Her comment was "End of the month, you know?"

I gathered up my few packages and the nice guy behind me let me out. Couldn't wait anymore. By the time I checked out, he was still waiting.

Lady in distress was still fumbling and trying to find what she needed.

And the cashier was being so very kind.

And I'm so glad, because you never know when circumstance might change, that I am not poor.

*

Looking back, I think what a luxury it is to want to go home and read. After work. At a job. That pays. 

Saturday, November 18, 2017

The Lottery (with no apologies to Shirley Jackson)

 Each week, I fritter a few dollars away on the lottery. I'll never win. But here's the thing. I already have. We none of us get to pick our parents, but wow, in the lottery of birth, I hit the jackpot. Born to  parents who read to me. That shaped my life. Thinking back, here are some of the authors and illustrators who rocked my world.

C.S Lewis and Pauline Baynes (The Chronicles of Narnia)
Dr. Seuss (everything, but especially the Northgoing Zaks with Stars upon Thars)
James Thurber (he wrote and drew hilariously)
Chas Addams (macabre made wonderful)
Lewis Carroll and Arthur Tenniel (Alice in Wonderland. I will go down the rabbit hole with you any time)
Charles Schulz (he drew Good ol' Charlie Brown and wrote his story, too. Bonus: Vince Guaraldi's music)
Frank Tashlin ("The Bear That Wasn't" https://vimeo.com/138897532Th
A.A. Milne and E.H. Shepard (Winnie the Pooh & The Wind in the Willows)
Ray Bradbury & Joe Mugnani (The October Country)
Chuck Jones (Looney Tunes)
E.B. White  & Garth Williams (Charlotte's Web)
plus Babar, Curious George, Calvin & Hobbes, Matt Groenig's "Life in Hell" series and "Nade" a graphic novel heroine from my childhood in France.
And former colleague Stacy Innerst, a wonderful illustrator who reminded me that I won the reading parents lottery. Here is one of his works.
https://www.barnesandnoble.com/w/ruth-bader-ginsburg-jonah-winter/1125674822#/

Lucky lucky lucky. Thanks Mom & Dad

Saturday, November 4, 2017

Friends and Neighbors

A bit of planning and a bit of serendipity this weekend.

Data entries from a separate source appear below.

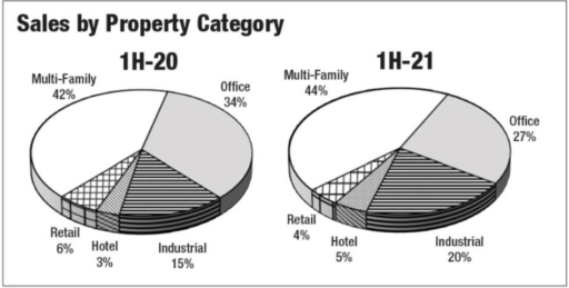 Looking at the sales volumes of the various CRE sector types in 1H21, multi-family and industrial led the charge. Multi-family sales were the leader in the clubhouse, with $60 billion in sales in the first half of 2021, and Industrial sales overall percent increase year-over-year was literally off the chart with a 122% gain in trade volume and a total of $28 billion (up from $12 billion from 1H 2020). Office sales were in second place in terms of gross dollar volume, but a distant third in year-over-year growth, as investors are slow to rush back into office given the uncertainty of future office demand arising from the work-from-home (WFH) trend. We see this uncertainty as opportunity and will touch upon it later in this report.
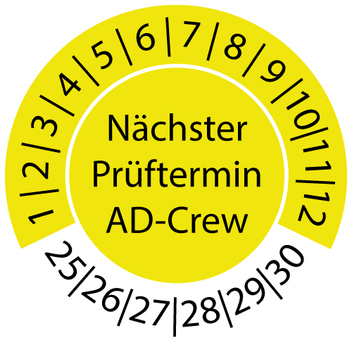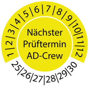 Arbeitsschutz, Arbeitssicherheit, Prüftermin AD-Crew
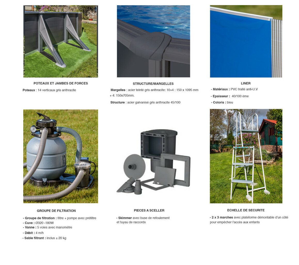 Le kit prêt à l'emploi de la marque Gre est fabriqué en acier de coloris gris, facile et rapide à installer qui permet de profiter "en un rien de temps" du plaisir de nager à la maison !
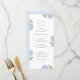 This beautiful design features blue hydrangea blooms and your custom text. Use the template form to add your information. The Design Tool can be used to access the advanced editing menu where you can change the font, colors and layout of the text, or add text to the back of the menu.
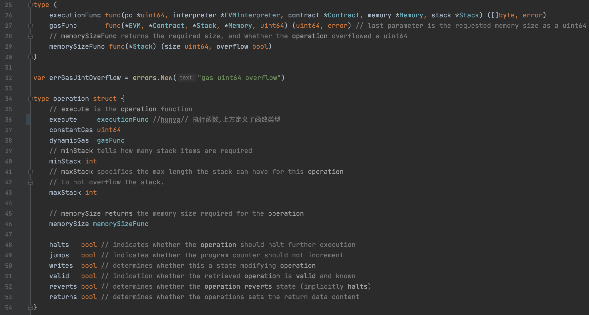 operation的定义位于jump_table.go中
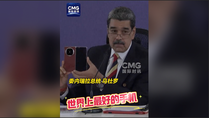 新闻发布会上,马杜罗还秀起了他使用的一部中国手机,称赞这是世界上最好的手机,“美国佬也窃听不了”。
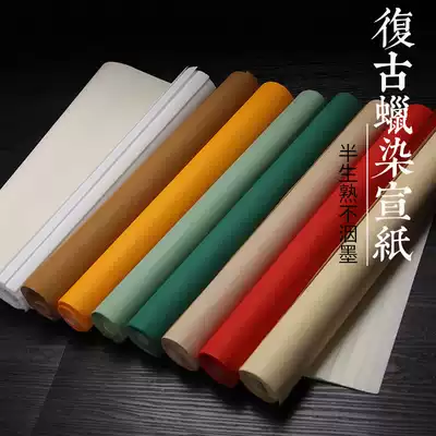 Good product Xuan batik rice paper antique four-foot six-foot pair of batik paper rice paper half-baked rice paper small Kai brush calligraphy creation work paper participating in the National Exhibition special batik rice paper
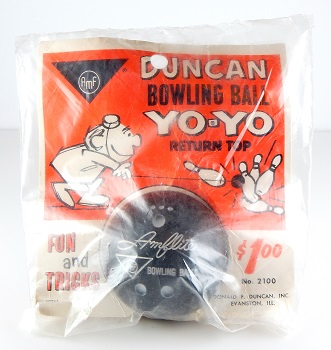 This second version from late 1964 has AMF Duncan Bowling Ball Yo-Yo Return Top printed on the saddle card. One halve is molded with "Duncan" and "Bo-Yo", however the lettering is painted white. The opposite side has a horizontal row of three small dots, "Amflite", the AMF (American Machine and Foundry) logo, and the words "Bowling Balls" molded into the halve and painted white. Three "finger holes" are also molded into the halve and also painted white. Some were made without the painted finger holes. Unlike the first version of this bowling ball that came out in early 1964, this version did not include a separate yo-yo trick sheet and bowling tips sheet. A stock number of 2100 was printed on the card.
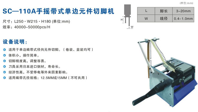 产品名称:SC-110A手摇带式单边元件切脚机
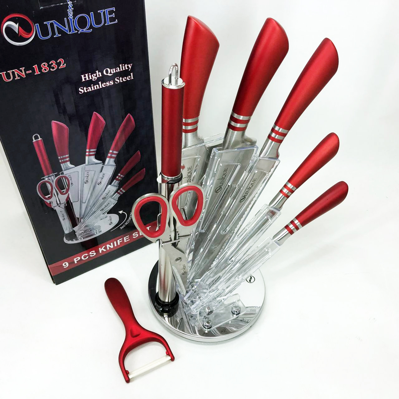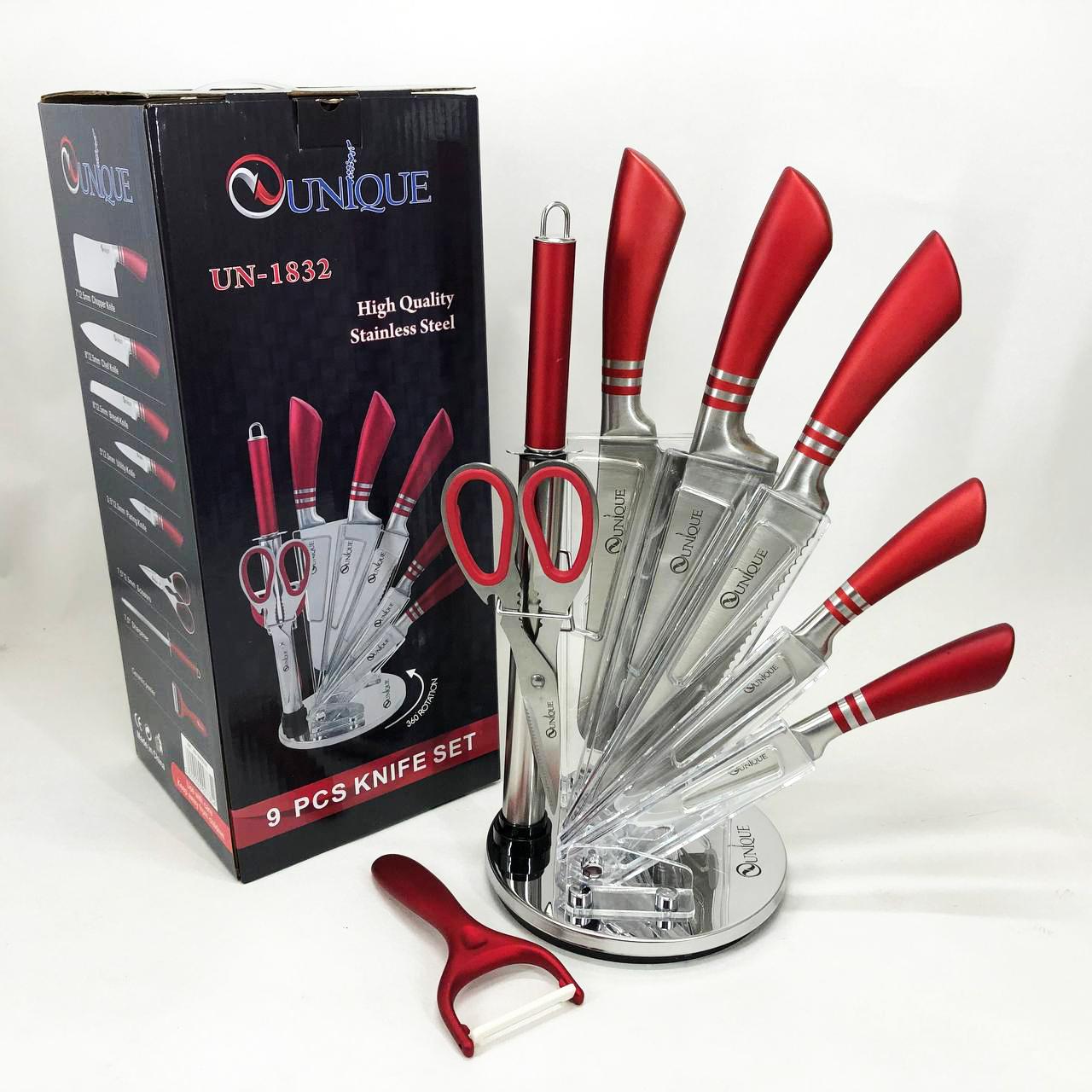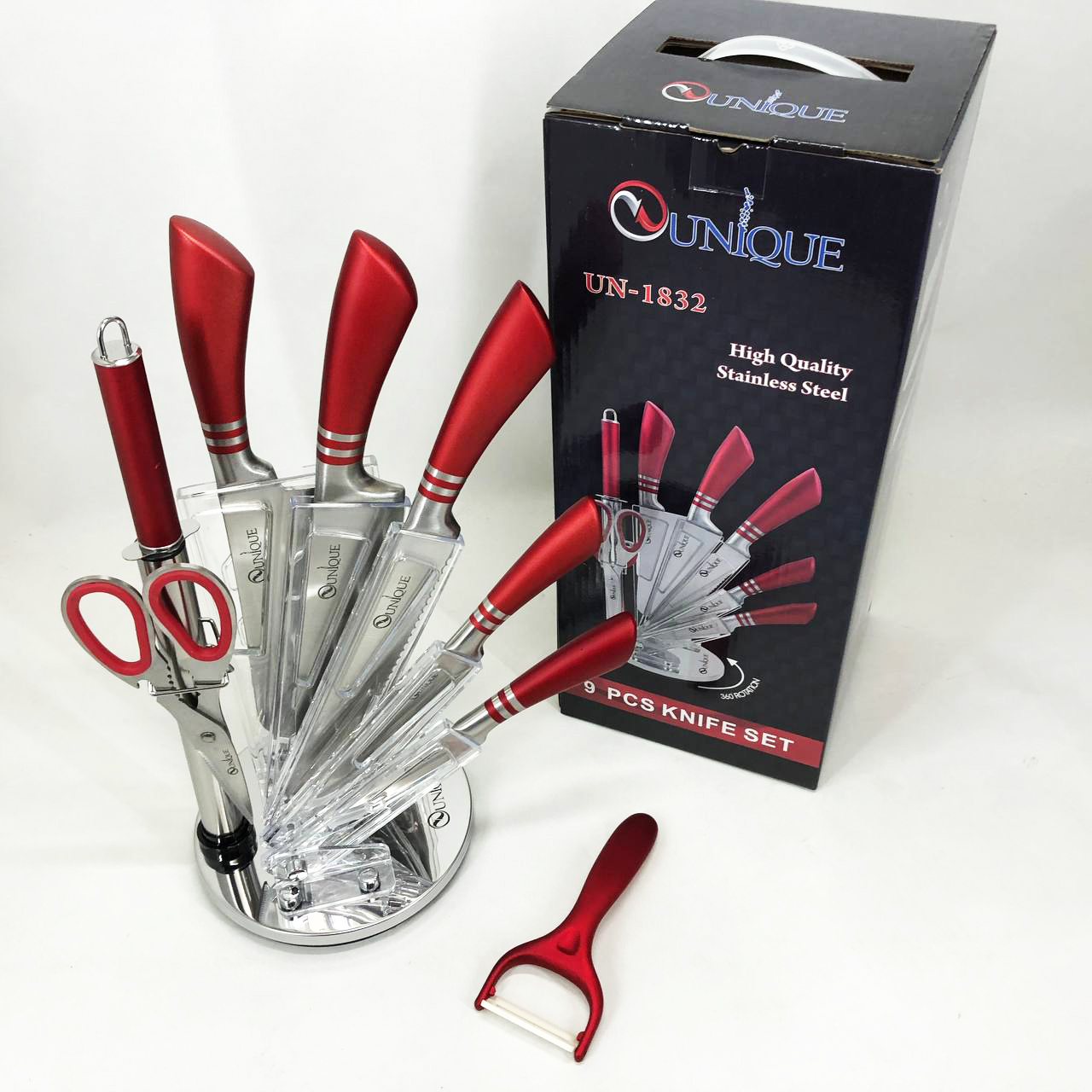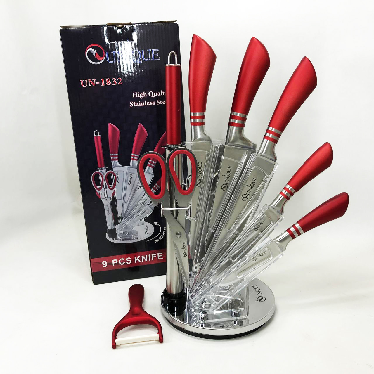 Набор ножей UNIQUE UN-1832 с подставкой 9 предметов овощечистка точилка ножницы Нержавеющая сталь
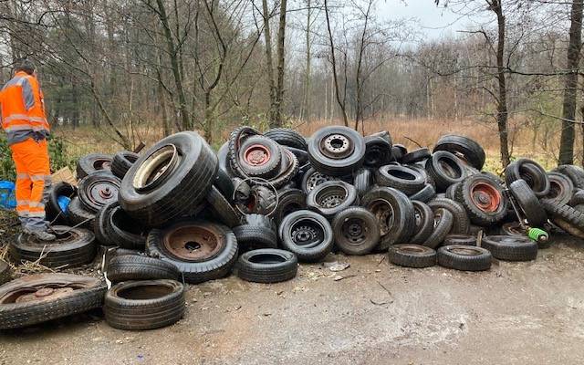 Tonnenweise illegal entsorgte alte Reifen
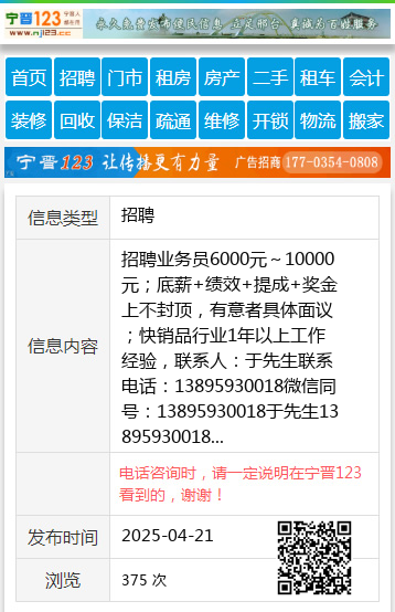 招聘业务员6000元~10000元;底薪+绩效+提成+奖金上不封顶,有意者具体面议;快销品行业1年以上工作经验,联系人:于先生联系电话:13895930018微信同号:13895930018于先生13895930018 【电话咨询时,请一定说明在伊春信息网看到的,谢谢!】 |
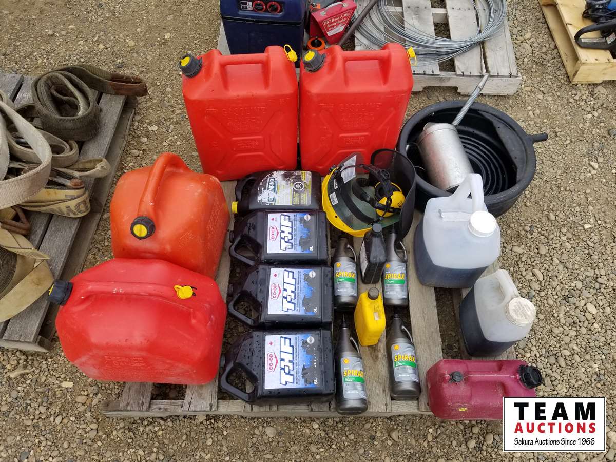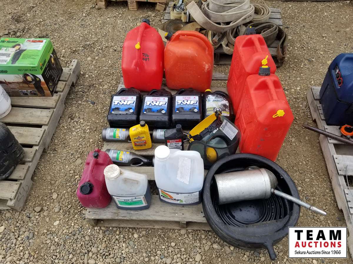 388 Pallet of Oil, Jerry Cans, Par 3 & Round Up
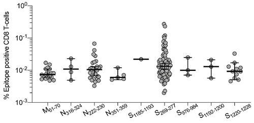 • 90% of the investigated individuals had a detectable SARS-CoV-2-specific CD8+ T-cell response
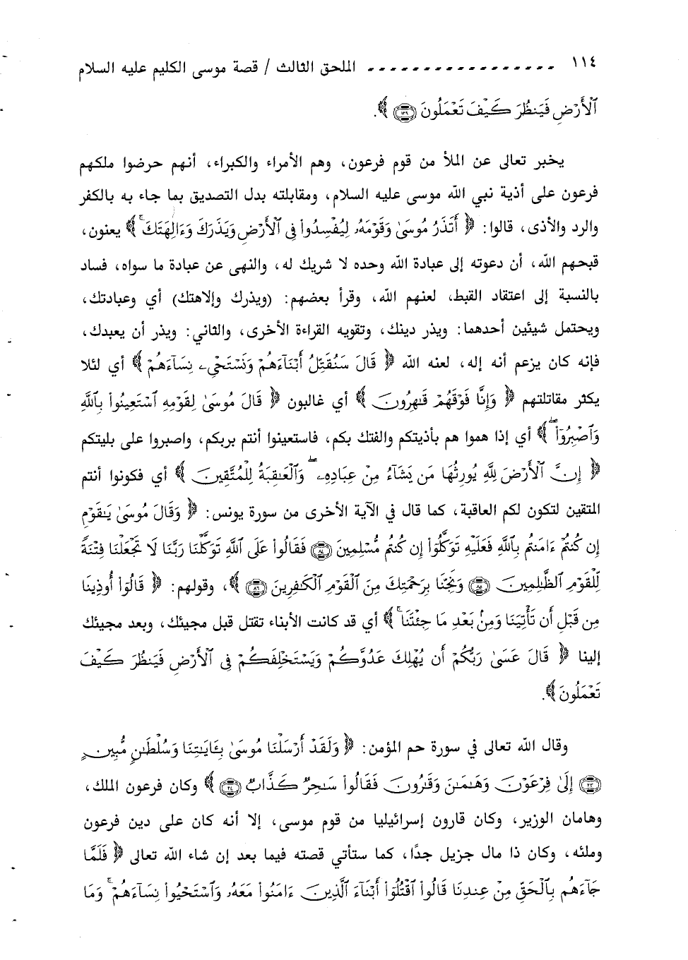 وقال اللّه تعالى في سورة حم المؤمن: ولَقَدْ أَرْسَلْنا مُوسى بِآياتِنا وسُلْطانٍ مُبِينٍ (23) إِلى فِرْعَوْنَ وهامانَ وقارُونَ فَقالُوا ساحِرٌ كَذَّابٌ (24) وكان فرعون الملك، وهامان الوزير، وكان قارون إسرائيليا من قوم موسى، إلا أنه كان على دين فرعون وملئه، وكان ذا مال جزيل جدا، كما ستأتي قصته فيما بعد إن شاء اللّه تعالى فَلَمَّا جاءَهُمْ بِالْحَقِّ مِنْ عِنْدِنا قالُوا اقْتُلُوا أَبْناءَ الَّذِينَ آمَنُوا مَعَهُ واسْتَحْيُوا نِساءَهُمْ وما
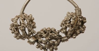 ZAUSZNICE, Daniłowo Małe, gm. Łapy, woj. podlaskie, wczesne średniowiecze, 2. poł., XI–XI/XII w., srebro, śr. kabłąka 2,4 cm, średnica paciorków...
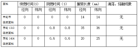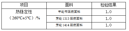 从表2可以看出,三种阻燃面料的热稳定性能指标都达到了260℃±5℃的高温下形变率≤10的指标。表明三种阻燃面料都具有优秀的抗形变能力。
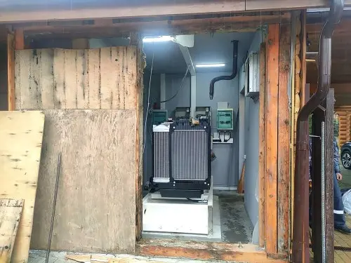 Автоматическая панель управления ДГУ оснащена модулем GSM для дистанционного управления и мониторинга системы через GSM-сети сотовых операторов. Дополнительно был изготовлен и установлен резервный топливный бак объемом 350 л.
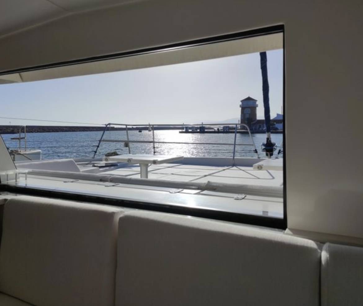 Our catamaran impresses with its large amount of space and high stability when sailing. Between the two hulls, the saloon offers a large area with plenty of comfort and living space with the best all-round visibility and lots of light.
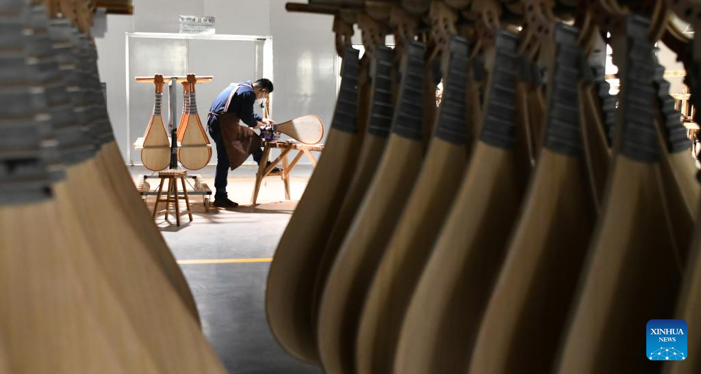 A worker puts traditional Chinese musical instruments in place at a workshop in Suning County, north China's Hebei Province, Feb. 18, 2023.
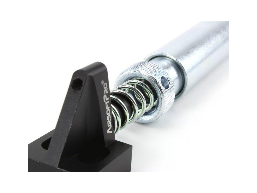 Silnější pružina lépe eliminuje rezonanci pístu ve válci a snižuje tak zvukový efekt krátké dávky.
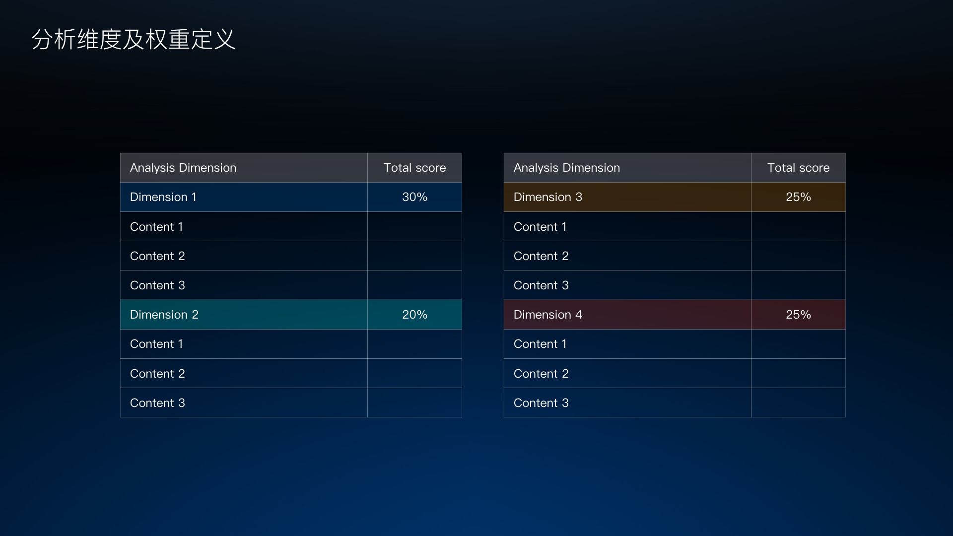 这些评判纬度其实都是灵活的,我们需要的是根据产品类型的不同设定不同的纬度。
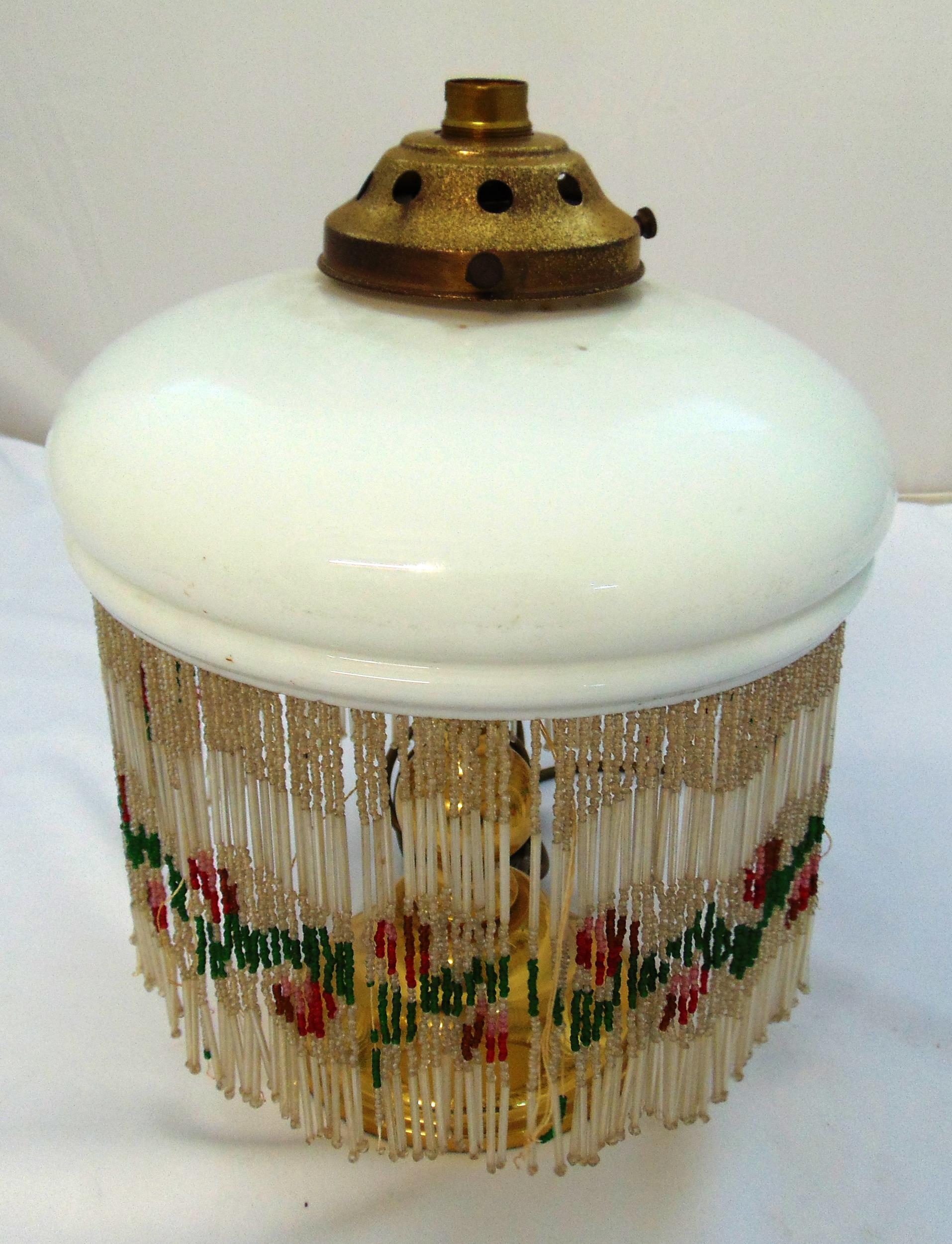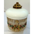 An Art Deco glass lampshade of circular form with coloured bead drops, 26cm (h)
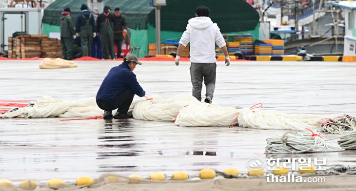 14일 제주시 한림항에서 어민들이 그물 정리 작업으로 분주한 시간을 보내고 있다. 이상국기자

Visited former Post-Gazette colleagues whom I've kept in touch with via Facebook. We chatted for more than an hour, catching up and sharing news.  Margi and Rick. Thank you for letting me borrow the drill and for the coffee and conversation.

Later in the day, during my walk through the neighborhood and off my usual course because of road construction, I came upon another set of colleagues – one current and one former. Anita and Bob, outside and enjoying the late fall sun. We had such a nice chat; Anita brought down a couple of glasses of red wine while Bob tended to the weeding.

There is something special about community. Kind of like family ... you are born to it, but you can find it and make it as well.